A Foundation for Art
March 15, 2018 | By Eve Tolpa
When visual artist Rebecca Sprague (SF19) enrolled at St. John’s College, she found that it confirmed some of her preconceptions while defying others.
“I expected to study works of art and literature and make a connection between them,” she says. “What I didn’t expect was to be able to connect subjects like math and physics to visual art. I never considered math and physics to be creative subjects.”
Now, however, she views art history as an ongoing chronicle of artists speaking amongst themselves, similar to the centuries-spanning math and science conversations that are central to the St. John’s curriculum.
The college, Sprague continues, “definitely provides a foundation for art, because it provides a context for art.” As examples she cites “the borrowing of stories—how Rembrandt illustrated the Bible or how Homer has been a recurring theme in art.”
At the same time, it became clear to Sprague that supplementary art education would help propel her towards her eventual goal of earning a master of fine arts degree at the Marchutz School, in Aix en Provence, France.
Marchutz’s unconventional visual arts program features seminar-style classes that focus, as Sprague puts it, “on oil painting and art history though a philosophical lens.”
The school also has strong ties to St. John’s: Its director is an alumnus, and a number of Johnnies study at the school each summer though the Global Pathways Fellowship program.
Sprague used her own Pathways Fellowship to enroll in a six-week program at Rhode Island School of Design (RISD) in summer 2017. The class was taught at the RISD Museum, where students discussed works of art directly in front of them—an approach analogous to Johnnies’ engagements with original texts.
In her student report, Sprague wrote, “I had the chance to study a Roman marble Sarcophagus from the 2nd century CE, on which was sculpted a scene from Book 22 of the Iliad.”
The RISD class was billed as discussion-based, and though Sprague found that description somewhat inaccurate, she was able to employ skills honed by the Program.
“As a St. John’s student, I found it easy to participate vocally, engage with other students, and ask pointed questions.” If not for her St. John’s education, she says, “I would never have been able to get what I got out of that class.”
For Sprague, it’s important to have a question to pursue, and the RISD class allowed her to focus on one that’s currently at the forefront of her mind.
“I'm interested in what kind of position museums put art into,” she says. “It sanctifies art but also creates inaccessibility. If you are going to be a visual artist, you have to question your relationship to museum culture.”
She brings that inquisitive approach to the St. John’s visual arts study group, which she leads. Weekly meetings alternate between figure drawing and seminars where members take turns choosing a work of art and a text and discussing the relationship between the two.

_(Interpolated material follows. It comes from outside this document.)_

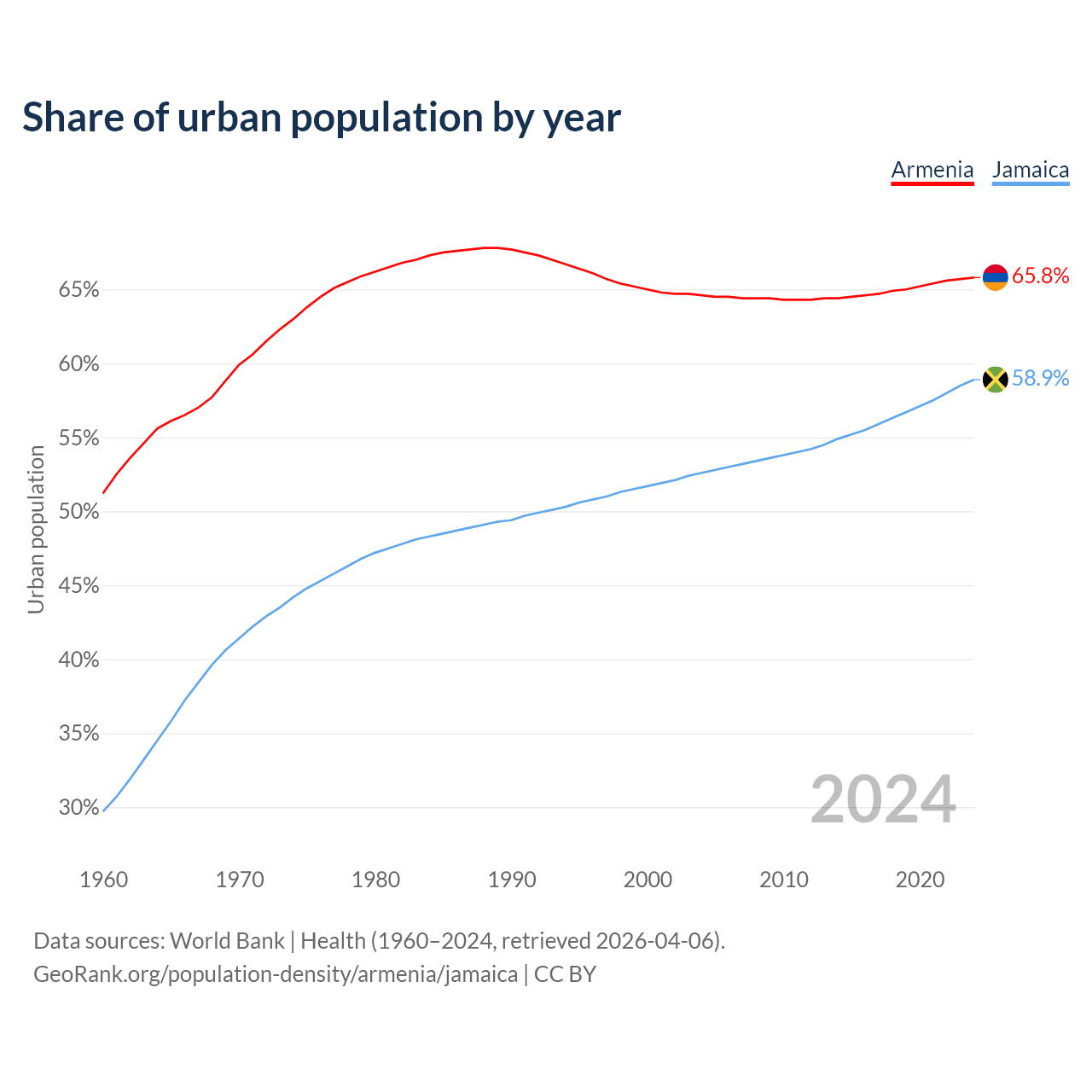 From 2006 to 2026, population density in Armenia decreased by 3.47%, compared to a 4.96% growth in Jamaica.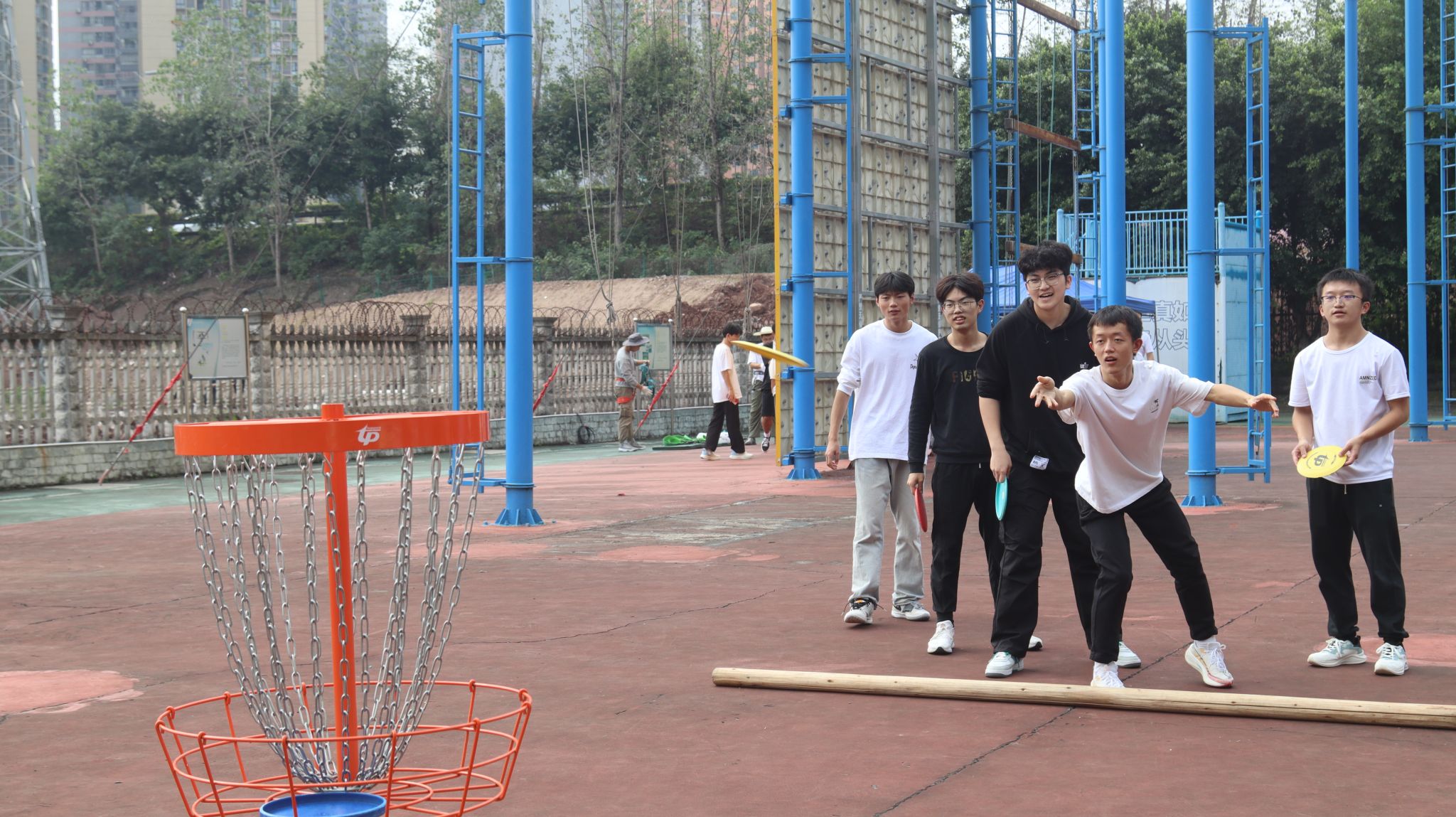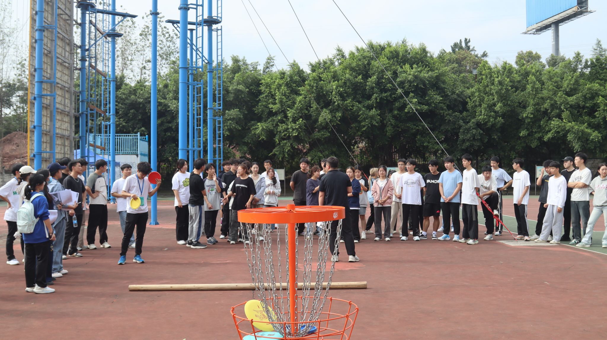 比赛项目包括旋风跑、巨人梯、旱地龙舟和飞盘高尔夫,每个项目都考验着参赛者的团队协作能力和身体素质。

“It’s been great to share my knowledge,” she says.
To continue sharing her knowledge, Sprague has applied to participate in the same RISD art history class in summer 2018, but this time as a paid teacher’s assistant. At some point in the future, she’d like to work one-on-one as an assistant to an artist. To facilitate that plan, she hopes to participate in another St. John's program: “I really want to take advantage of an Ariel Internship.”